LocalRecodingAlgorithm#
- class LocalRecodingAlgorithm(dataset: Dataset, k: int, group_anonymization: GroupAnonymization = <function GroupAnonymizationBuiltIn.SUMMARIZATION>)#
Bases:
AlgorithmAbstract class for local recoding-based k-anonymization algorithms.
- Parameters:
dataset (Dataset) – The Dataset object holding the original data and its metadata.
k (int) – The privacy parameter ‘k’.
group_anonymization (GroupAnonymization) – The method to anonymize the resulting groups after applying local recoding. It is possible to use an example method in GroupAnonymizationBuiltIn, or create a custom method custom_group_anonymization(group: list, props: Any) -> list.

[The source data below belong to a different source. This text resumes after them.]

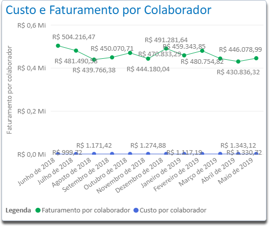 Através desse gráfico é possível realizar avaliações dos valores médios obtidos de Faturamentos por colaborador sobre o seu Custo em cada mês.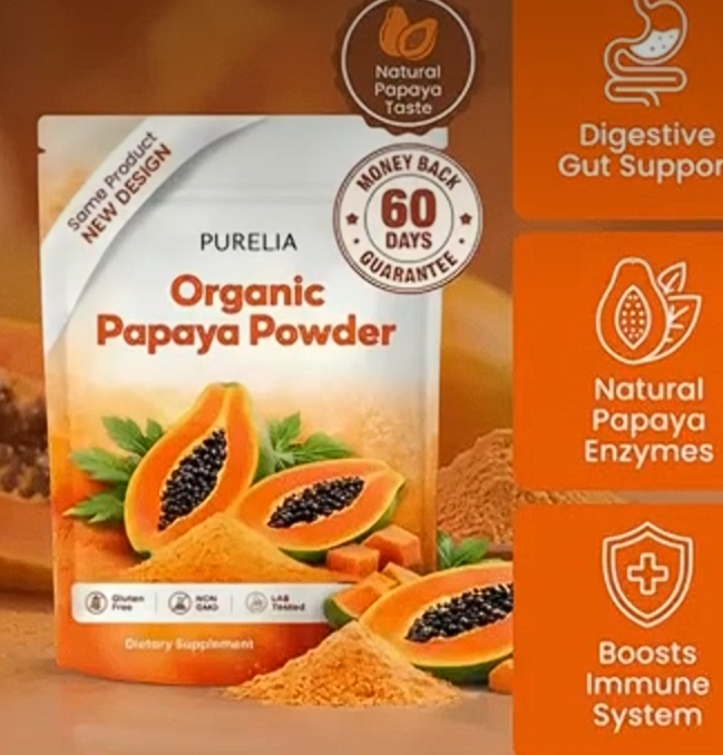 Purelia Papaya Powder is simply a papaya fruit powder that may offer mild digestive support due to the enzyme papain. However, claims about detox, immunity, and major health benefits appear to be more marketing than science. It may help digestion slightly, but it is not the powerful wellness solution some ads suggest.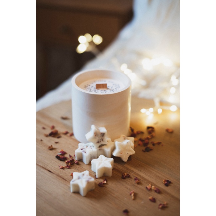 Vanilya Kokulu Ahsap Fitil Dekoratif Kutuda Soys Wax Mum - Pudra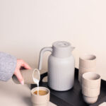 <p>Trine to termos dla tych, którzy cenią ponadczasowy design w połączeniu z praktyczną funkcją. Dzięki pojemności 1,5 litra doskonale sprawdzi się podczas spotkań w większym gronie i dłuższych chwil spędzonych razem. Trine posiada podwójną ściankę z izolacją próżniową oraz cienką miedzianą warstwę, które utrzymują napój gorący do 12 godzin lub zimny do 24 godzin. Sprytne zamknięcie pushlock umożliwia wygodne nalewanie bez rozlewania, a obrotowa pokrywka jest łatwa do zdjęcia. Termos nadaje się do mycia w zmywarce i dostępny jest w kilku kolorach. Wykonany z recyklingowanej stali nierdzewnej, z matową, proszkowo malowaną powierzchnią, zapewnia trwałość i wygodny uchwyt. Pojemność: 1,5 litra. Projekt: Studio Sagaform. Dostarczany w klasycznym pudełku Sagaform.</p> <p> </p> <p>Materiał: Recyklingowana stal nierdzewna z powłoką miedzianą, podwójne ścianki i powierzchnia malowana proszkowo / recyklingowany PP / silikon.</p> <p>Waga: 700 g</p> <p>Szerokość: 13 cm; Wysokość: 22 cm; Długość: 18 cm</p> <p>Pojemność: 150 cl</p> <p>Kolor: Beżowy, Pantone Warm gray 3C</p>

Default: GroupAnonymizationBuiltIn.SUMMARIZATION
- Variables:
[...] (attributes inherited from
Algorithm)group_anonymization (GroupAnonymization) – Group anonymization method.

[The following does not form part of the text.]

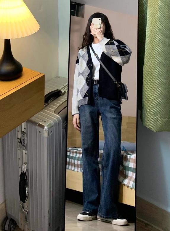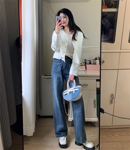 九分长度的牛仔直筒裤,对于一些腿粗和腿部比例不那么好的姐妹,真的是很合适的。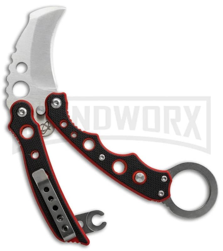 This Vuja De knife features a karambit body with a balisong/butterfly build. Black and red skeletonized G-10 and nested steel liners make up the handles, which lock open and closed using the spring loaded latch and push button lock. The Vuja De also features a finger ring and reversible tip-up carry pocket clip. The hawkbill blade is satin finished M-VX steel with deep jimping on the spine.

groups (list | None) – List of groups of original records after applying local recoding (before applying the group anonymization method)

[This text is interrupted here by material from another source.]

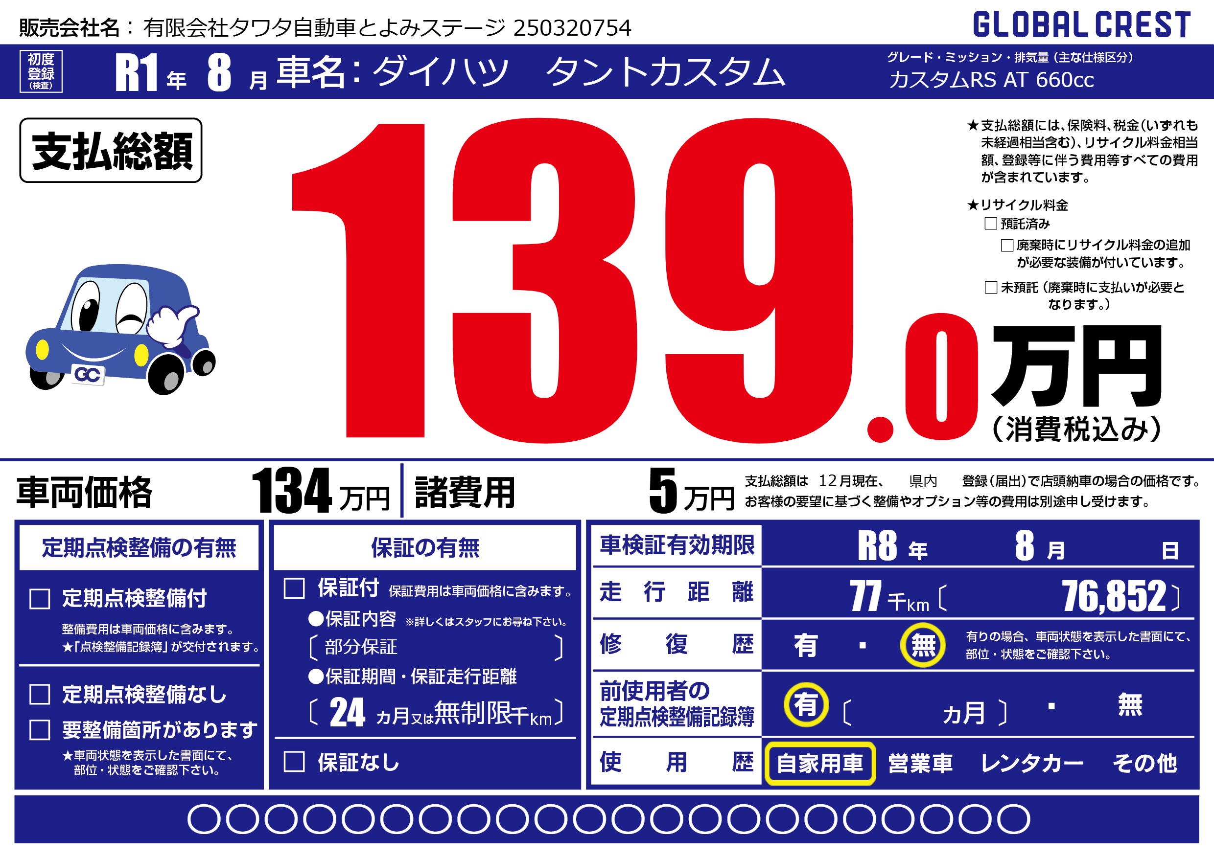 | 車名 | ダイハツ タントカスタム | グレード ミッション 排気量 |

max_ranges (list[int | None]) – Maximum range (or unique count) for each QID attribute.
Methods
Execute the local recoding anonymization workflow.
Split the original data into groups of records.
- anonymize()#
Execute the local recoding anonymization workflow.
The process follows these steps:
Inject temporary IDs to track original row ordering.
Split data into groups using do_local_recoding.
Apply the group anonymization strategy to each group.
Reconstruct the dataset and restore original row order.
Clean up temporary IDs.
- abstractmethod do_local_recoding()#
Split the original data into groups of records.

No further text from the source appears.